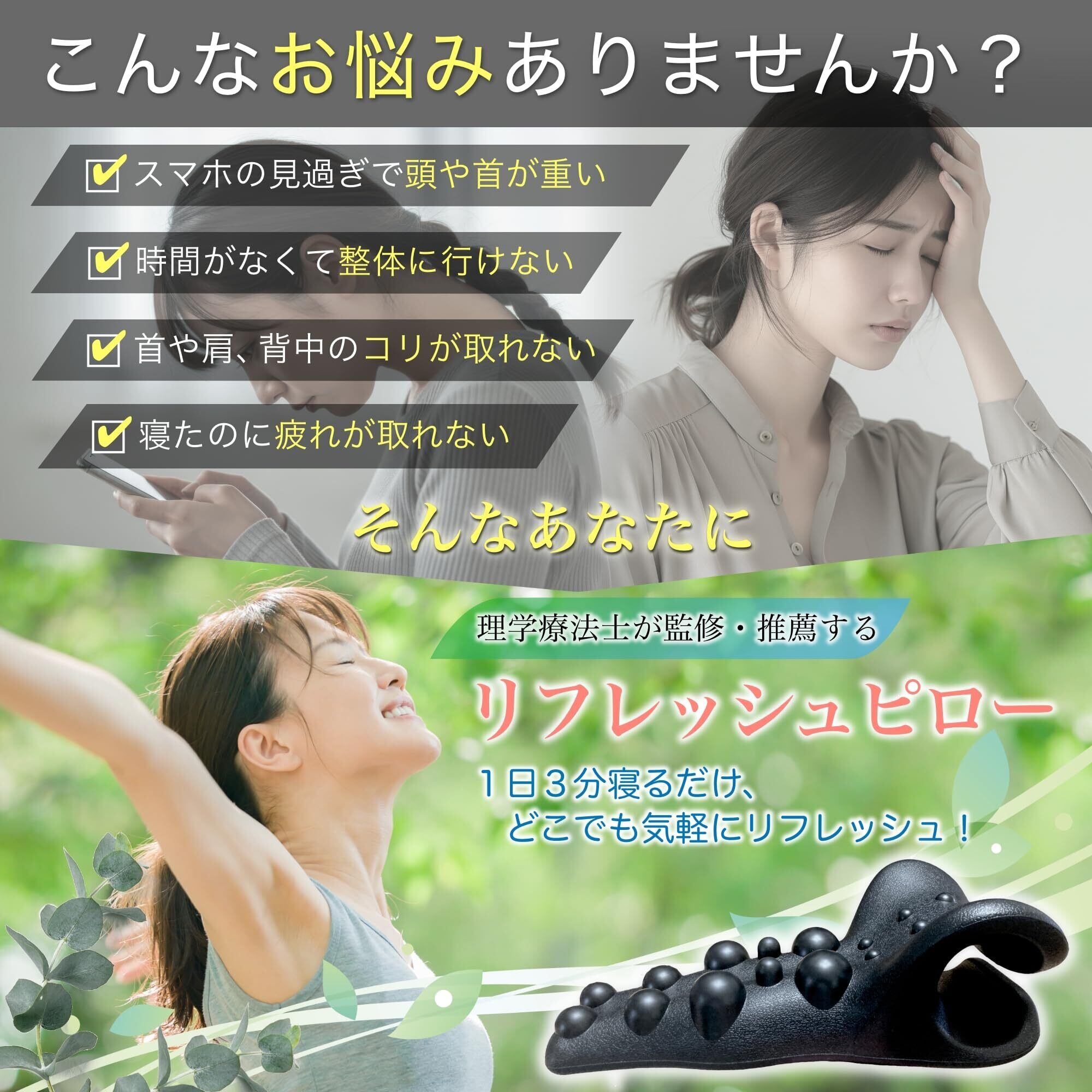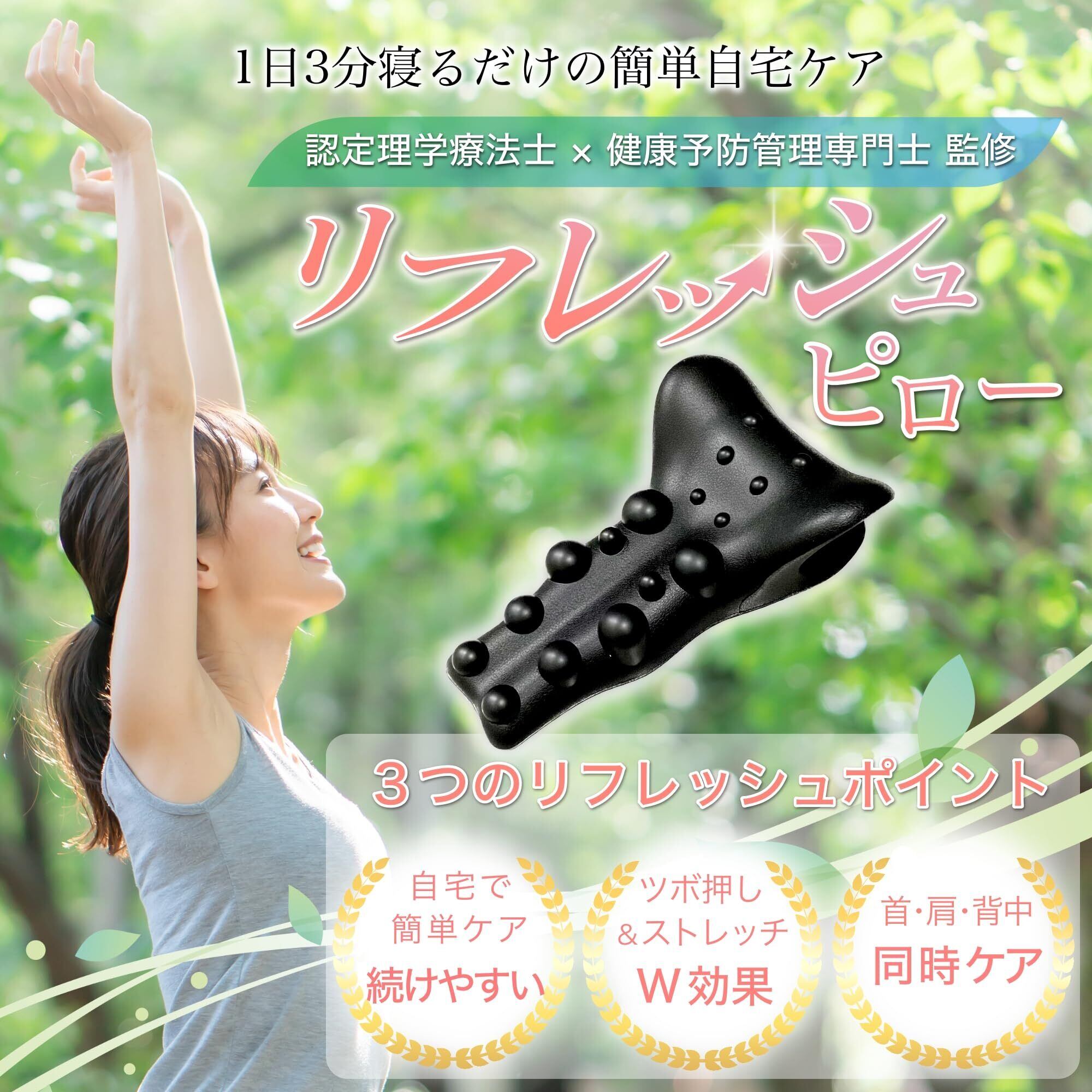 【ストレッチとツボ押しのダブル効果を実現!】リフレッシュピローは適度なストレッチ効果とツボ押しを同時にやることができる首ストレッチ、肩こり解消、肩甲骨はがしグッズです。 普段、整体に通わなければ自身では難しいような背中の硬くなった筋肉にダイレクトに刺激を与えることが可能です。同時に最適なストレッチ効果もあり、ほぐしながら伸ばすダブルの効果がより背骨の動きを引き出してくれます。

===

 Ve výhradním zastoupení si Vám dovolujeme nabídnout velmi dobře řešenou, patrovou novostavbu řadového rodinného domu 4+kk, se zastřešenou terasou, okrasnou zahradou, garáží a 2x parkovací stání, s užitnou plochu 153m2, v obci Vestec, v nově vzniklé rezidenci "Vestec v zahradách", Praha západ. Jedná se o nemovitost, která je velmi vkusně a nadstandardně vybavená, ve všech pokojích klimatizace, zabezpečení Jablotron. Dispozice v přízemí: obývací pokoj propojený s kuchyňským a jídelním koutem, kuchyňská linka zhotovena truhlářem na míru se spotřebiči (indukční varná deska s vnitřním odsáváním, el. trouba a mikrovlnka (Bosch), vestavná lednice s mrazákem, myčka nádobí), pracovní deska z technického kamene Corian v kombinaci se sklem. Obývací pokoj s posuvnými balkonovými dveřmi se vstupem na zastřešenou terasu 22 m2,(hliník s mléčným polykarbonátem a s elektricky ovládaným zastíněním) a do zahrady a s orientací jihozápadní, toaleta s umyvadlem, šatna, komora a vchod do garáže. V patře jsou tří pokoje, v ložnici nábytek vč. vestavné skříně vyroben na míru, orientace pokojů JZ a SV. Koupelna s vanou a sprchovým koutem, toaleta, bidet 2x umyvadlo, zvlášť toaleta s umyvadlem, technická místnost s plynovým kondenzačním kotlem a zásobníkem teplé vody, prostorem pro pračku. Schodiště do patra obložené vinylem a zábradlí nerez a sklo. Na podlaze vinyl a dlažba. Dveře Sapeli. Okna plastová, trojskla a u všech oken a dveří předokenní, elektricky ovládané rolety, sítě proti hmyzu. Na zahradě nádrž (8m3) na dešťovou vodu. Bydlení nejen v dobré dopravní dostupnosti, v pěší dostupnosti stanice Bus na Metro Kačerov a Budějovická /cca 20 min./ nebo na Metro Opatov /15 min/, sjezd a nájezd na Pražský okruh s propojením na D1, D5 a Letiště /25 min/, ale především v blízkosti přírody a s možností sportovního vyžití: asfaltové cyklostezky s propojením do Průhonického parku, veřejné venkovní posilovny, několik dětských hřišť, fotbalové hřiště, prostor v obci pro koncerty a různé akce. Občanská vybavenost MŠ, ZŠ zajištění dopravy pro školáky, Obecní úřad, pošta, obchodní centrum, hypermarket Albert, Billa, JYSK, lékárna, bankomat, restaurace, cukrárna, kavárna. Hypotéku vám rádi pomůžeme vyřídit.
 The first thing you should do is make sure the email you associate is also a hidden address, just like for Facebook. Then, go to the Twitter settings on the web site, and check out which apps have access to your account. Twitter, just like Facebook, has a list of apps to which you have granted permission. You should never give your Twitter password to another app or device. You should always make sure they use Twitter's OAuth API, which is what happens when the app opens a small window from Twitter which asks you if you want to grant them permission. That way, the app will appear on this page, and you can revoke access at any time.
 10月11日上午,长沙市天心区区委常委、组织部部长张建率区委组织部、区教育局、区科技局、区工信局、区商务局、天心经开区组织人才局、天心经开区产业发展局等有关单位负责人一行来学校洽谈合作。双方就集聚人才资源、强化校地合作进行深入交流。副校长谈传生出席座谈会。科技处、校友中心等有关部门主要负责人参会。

===

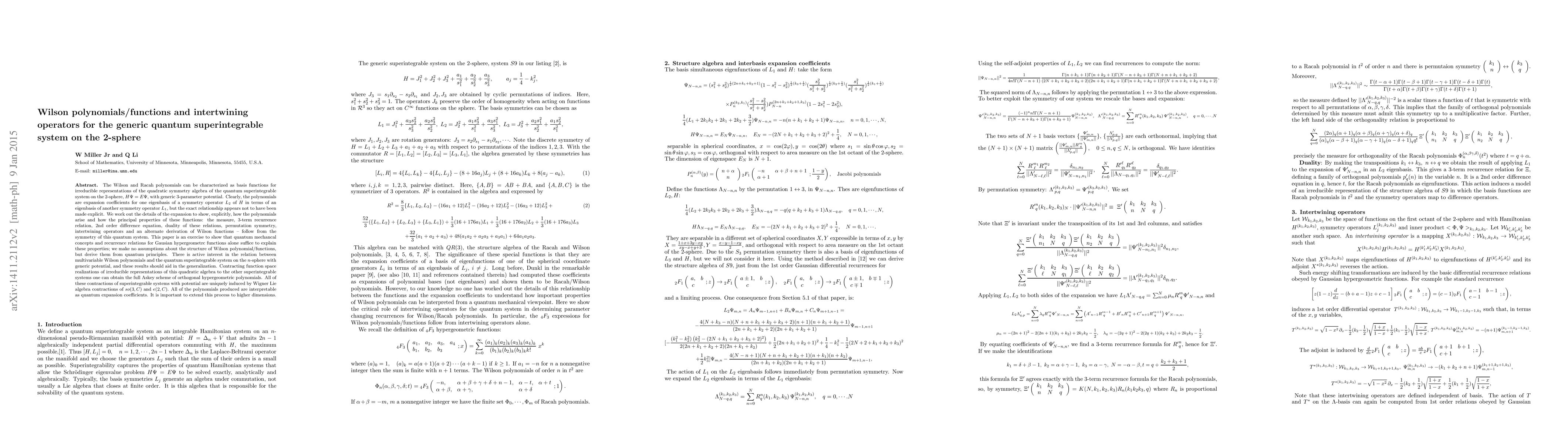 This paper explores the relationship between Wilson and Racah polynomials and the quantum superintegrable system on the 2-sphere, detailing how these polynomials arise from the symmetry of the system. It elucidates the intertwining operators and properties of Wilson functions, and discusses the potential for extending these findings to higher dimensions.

===

Give back, word for word, only the lines above from the line holding "The first thing" to the line holding "10月11日上午,长沙市天心", both included.

Response to the task:
 The first thing you should do is make sure the email you associate is also a hidden address, just like for Facebook. Then, go to the Twitter settings on the web site, and check out which apps have access to your account. Twitter, just like Facebook, has a list of apps to which you have granted permission. You should never give your Twitter password to another app or device. You should always make sure they use Twitter's OAuth API, which is what happens when the app opens a small window from Twitter which asks you if you want to grant them permission. That way, the app will appear on this page, and you can revoke access at any time.
 10月11日上午,长沙市天心区区委常委、组织部部长张建率区委组织部、区教育局、区科技局、区工信局、区商务局、天心经开区组织人才局、天心经开区产业发展局等有关单位负责人一行来学校洽谈合作。双方就集聚人才资源、强化校地合作进行深入交流。副校长谈传生出席座谈会。科技处、校友中心等有关部门主要负责人参会。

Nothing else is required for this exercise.